16 x 16 (Nearest Neighbor)
01 01 01 01 02 02 02 02 03 03 03 03 04 04 04 04
01 01 01 01 02 02 02 02 03 03 03 03 04 04 04 04
01 01 01 01 02 02 02 02 03 03 03 03 04 04 04 04
01 01 01 01 02 02 02 02 03 03 03 03 04 04 04 04
05 05 05 05 06 06 06 06 07 07 07 07 08 08 08 08
05 05 05 05 06 06 06 06 07 07 07 07 08 08 08 08
05 05 05 05 06 06 06 06 07 07 07 07 08 08 08 08
09 09 09 09 10 10 10 10 11 11 11 11 12 12 12 12
09 09 09 09 10 10 10 10 11 11 11 11 12 12 12 12
09 09 09 09 10 10 10 10 11 11 11 11 12 12 12 12
13 13 13 13 14 14 14 14 15 15 15 15 16 16 16 16
13 13 13 13 14 14 14 14 15 15 15 15 16 16 16 16
13 13 13 13 14 14 14 14 15 15 15 15 16 16 16 16
17 17 17 17 18 18 18 18 19 19 19 19 20 20 20 20
17 17 17 17 18 18 18 18 19 19 19 19 20 20 20 20
17 17 17 17 18 18 18 18 19 19 19 19 20 20 20 20

We can break this code into two parts: first, getting the scaling ratio, and second, copying the pixel from the old image based on the ratio.

The formula for ratios and proportion is as follows:

a : b = ma : mb,
A = ma, B = mb
where m is a constant.

We can rewrite this formula to get m.

m = a / A

Applied to our code, this can be used to calculate the ratio of the new resolution against the old resolution.

var xRatio = (double)oldWidth / newWidth;

Do the same for y-value.

var yRatio = (double)oldHeight / newHeight;

Looping through each new pixel of the new matrix, we can then determine which pixel to copy from the old matrix.

var xUnscaled = (int)(x * xRatio);

And again, repeat the same process for y-value.

var yUnscaled = (int)(y * yRatio);

C# Code to Handle Bitmaps

The code to handle bitmaps is similar to how we handled a matrix.
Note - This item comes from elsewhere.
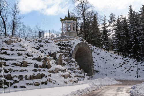 View of the arch "Big Caprice" over the Podkaprizovaya road in the Alexander Park of Tsarskoye Selo on a sunny winter day, Pushkin, St. Petersburg, Russia
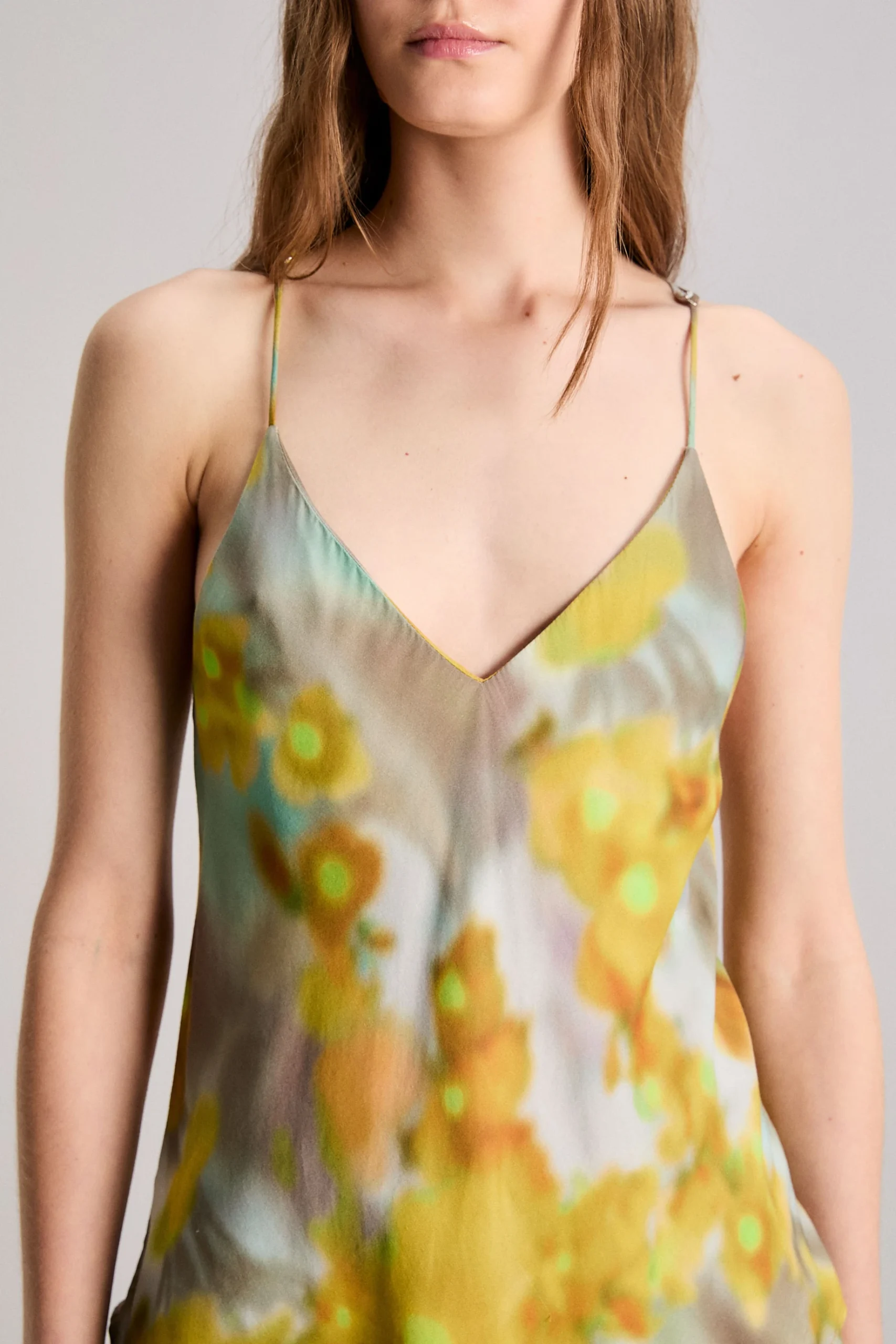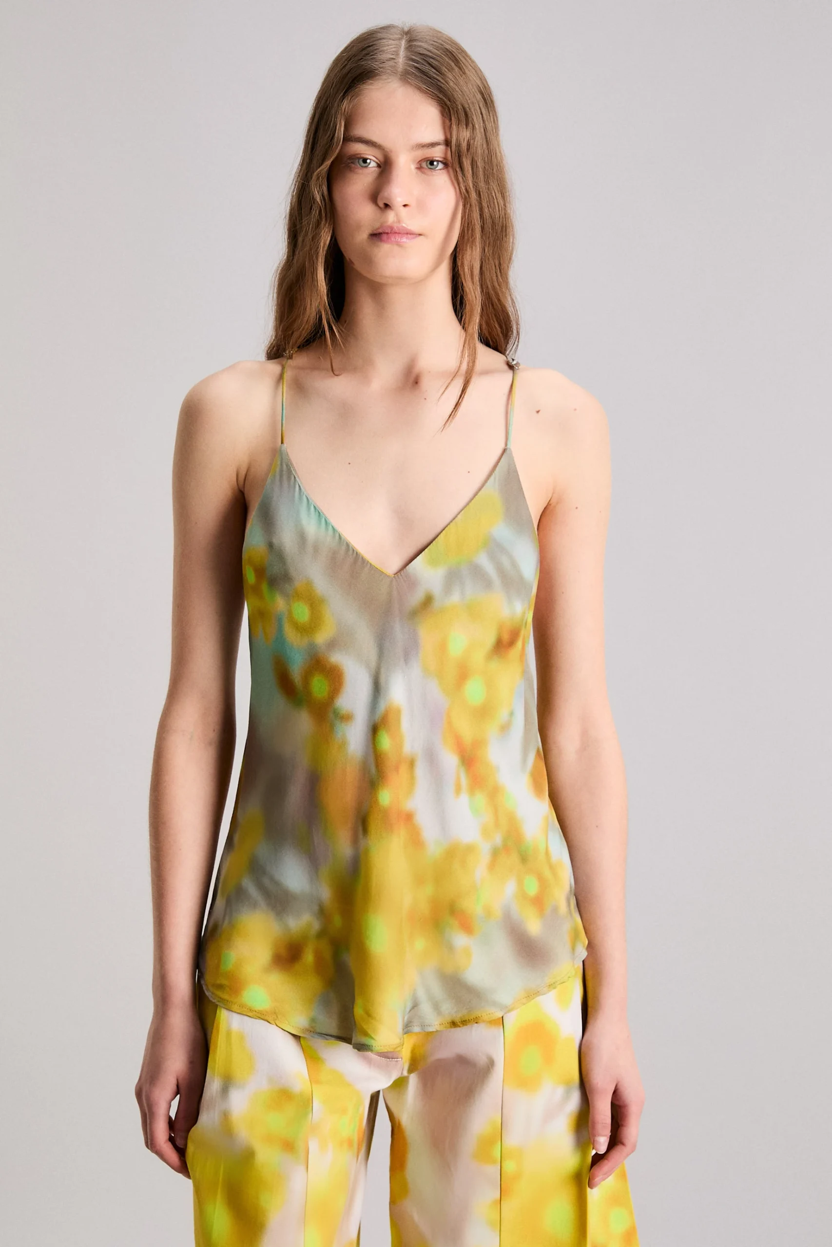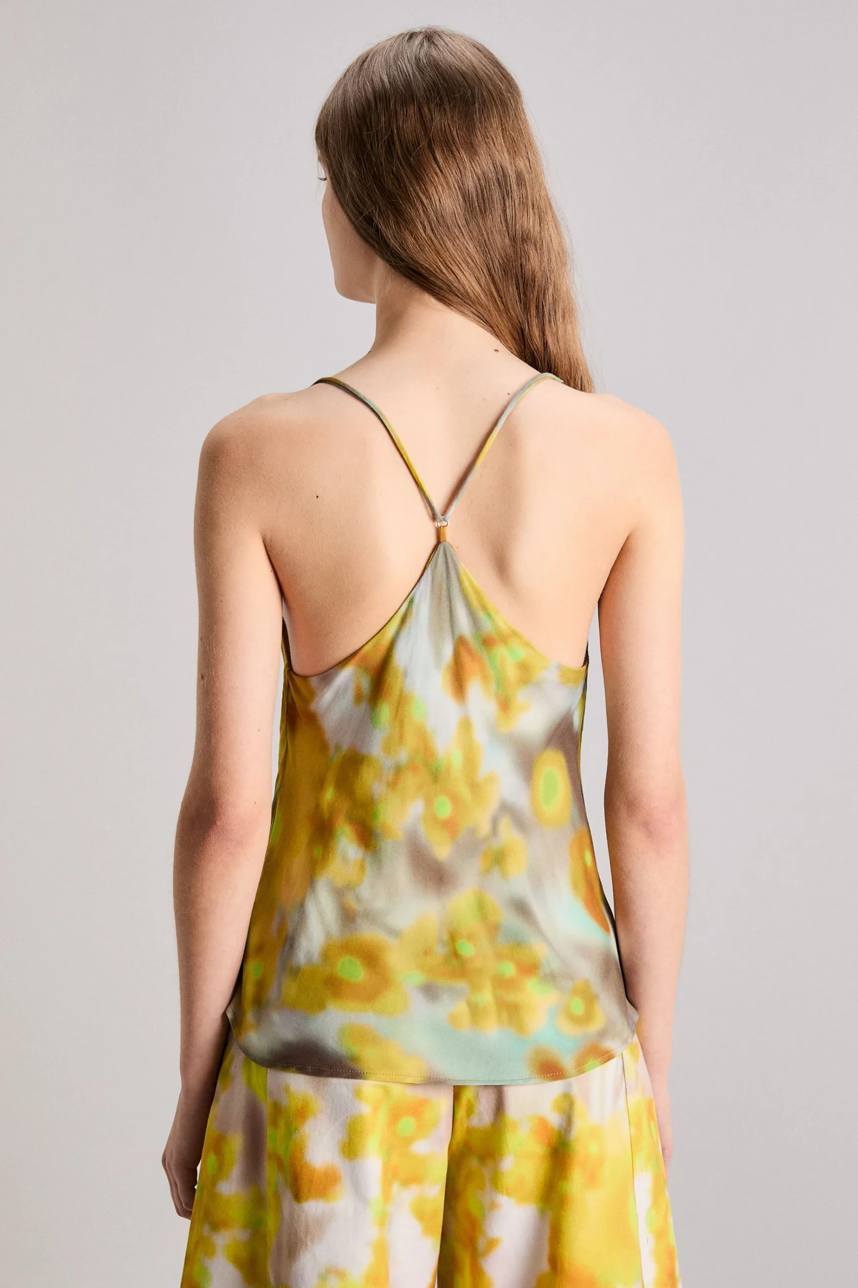 El top Daisy de calce regular y largo hasta la primera cadera, esta confeccionado en satén de viscosa, suave al tacto con estampa exclusiva de la colección. Tiene breteles cruzados y regulables.

The difference is we handled each pixel and copied it to the new Bitmap.

var oldImg = new Bitmap(filename: "IMG_20190526_130340.jpg");

ResizeImageNearestNeighbor(oldImg, newWidth: oldImg.Width * 4, newHeight: oldImg.Height * 4)
.Save("IMG_20190526_130340_nearestneighbor.jpg", ImageFormat.Jpeg);

Results

Original Image
Resized Four Times Larger Using Nearest Neighbor Interpolation.

[1] Wikipedia Contributors. (2022, January 18). Image scaling. Wikipedia; Wikimedia Foundation. https://en.wikipedia.org/wiki/Image_scaling

[2] Wikipedia Contributors. (2021, September 1). Nearest-neighbor interpolation. Wikipedia; Wikimedia Foundation. https://en.wikipedia.org/wiki/Nearest-neighbor_interpolation

[3] This is an image from the Wikimedia Commons.